Acting on the Invisible
What do air quality, art, and activism have in common?
Find out in Christine Mondor and Nico Azel’s recent IJAC article “Acting on the Invisible: Computational Tools and Community Action in the Landscapes of Air Quality”
Published in the current special issue “Impact and Collective Empathy” of the peer reviewed International Journal of Architectural Computing , Christine and Nico’s article explains how designers and artists can help solve wicked problems like air quality by strategically using technology and computation.
Poor air quality can be difficult to perceive and thus difficult to solve. By raising public awareness with installations that use data and technology, designers and artists can help to make the invisible visible.

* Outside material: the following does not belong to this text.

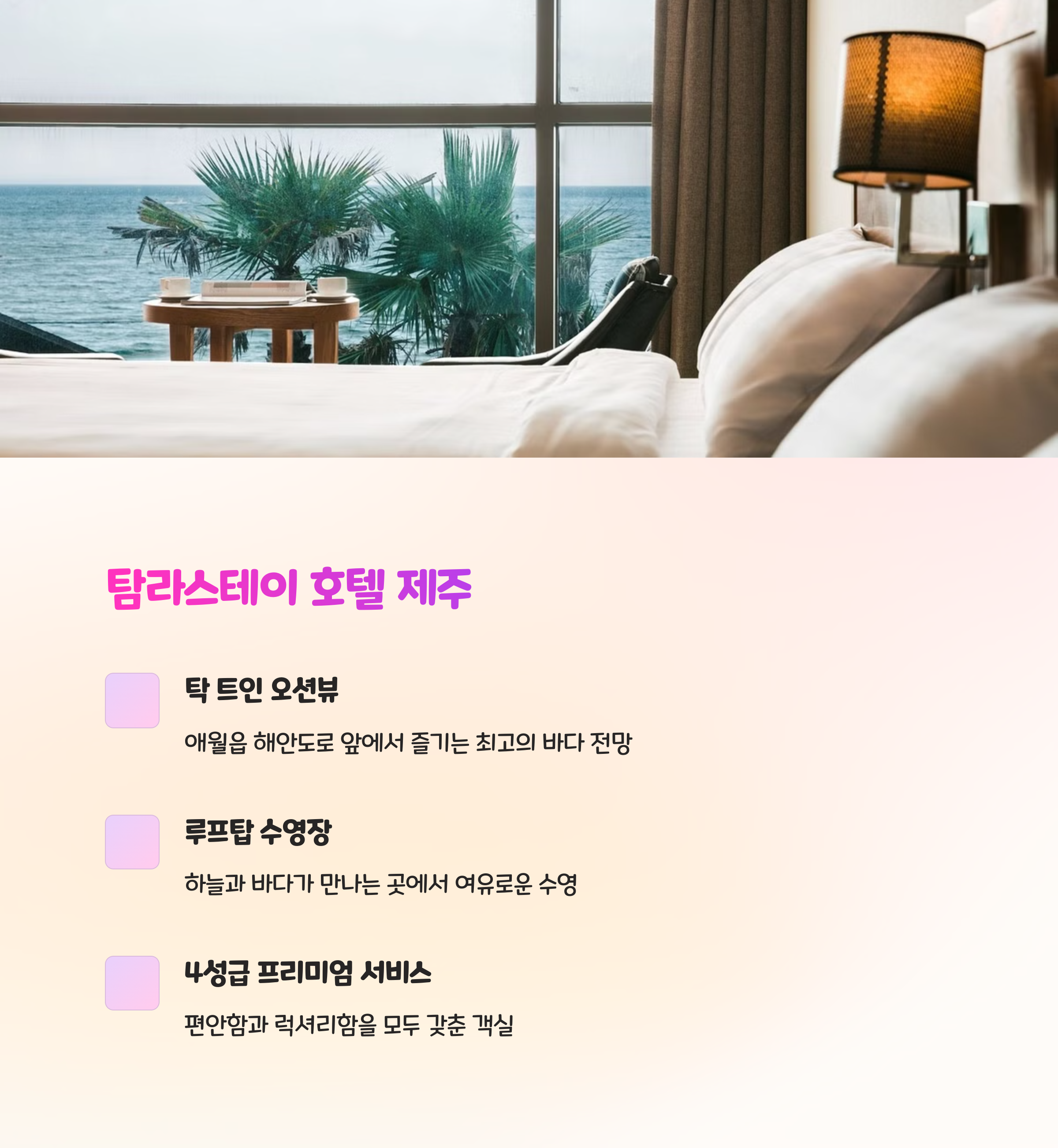 | 오션뷰 힐링 호텔 | 탐라스테이, 다인 오세아노처럼 탁 트인 바다 전망이 매력적인 곳 |

Going back to 2012, evolveEA has been working with the community of Millvale around issues of sustainability and engaging air quality as an important component to community health and wellbeing. Over time, Millvale’s air quality work has been aggregated under the Breathe Easy project and a number of projects have been completed to help raise the public’s ability to perceive air quality and inspire action.
Some of these Breathe Easy projects include: the MillvaleAir Dashboard, Community Air toolkits, Custom Community Air Monitoring Stations, an Air Filter Lending Library at the Millvale Community Library, and collaborations with the other Triboro communities.
Each of these projects is situated within the Breathe Easy theory of change and helps to grow collective beliefs, create a community of concern, and build a sense of resiliency and identity that contributes to the long-term transformation of community values.
Using the Breathe Easy’s many projects as a reference, the article expose’s the ways in which no single computational application can address complex socio-ecological issues like air quality. Instead proposing that designers and community groups should work with a broad ecosystem of technology and computational tools, and that the use of those tools should be grounded within a theory of change.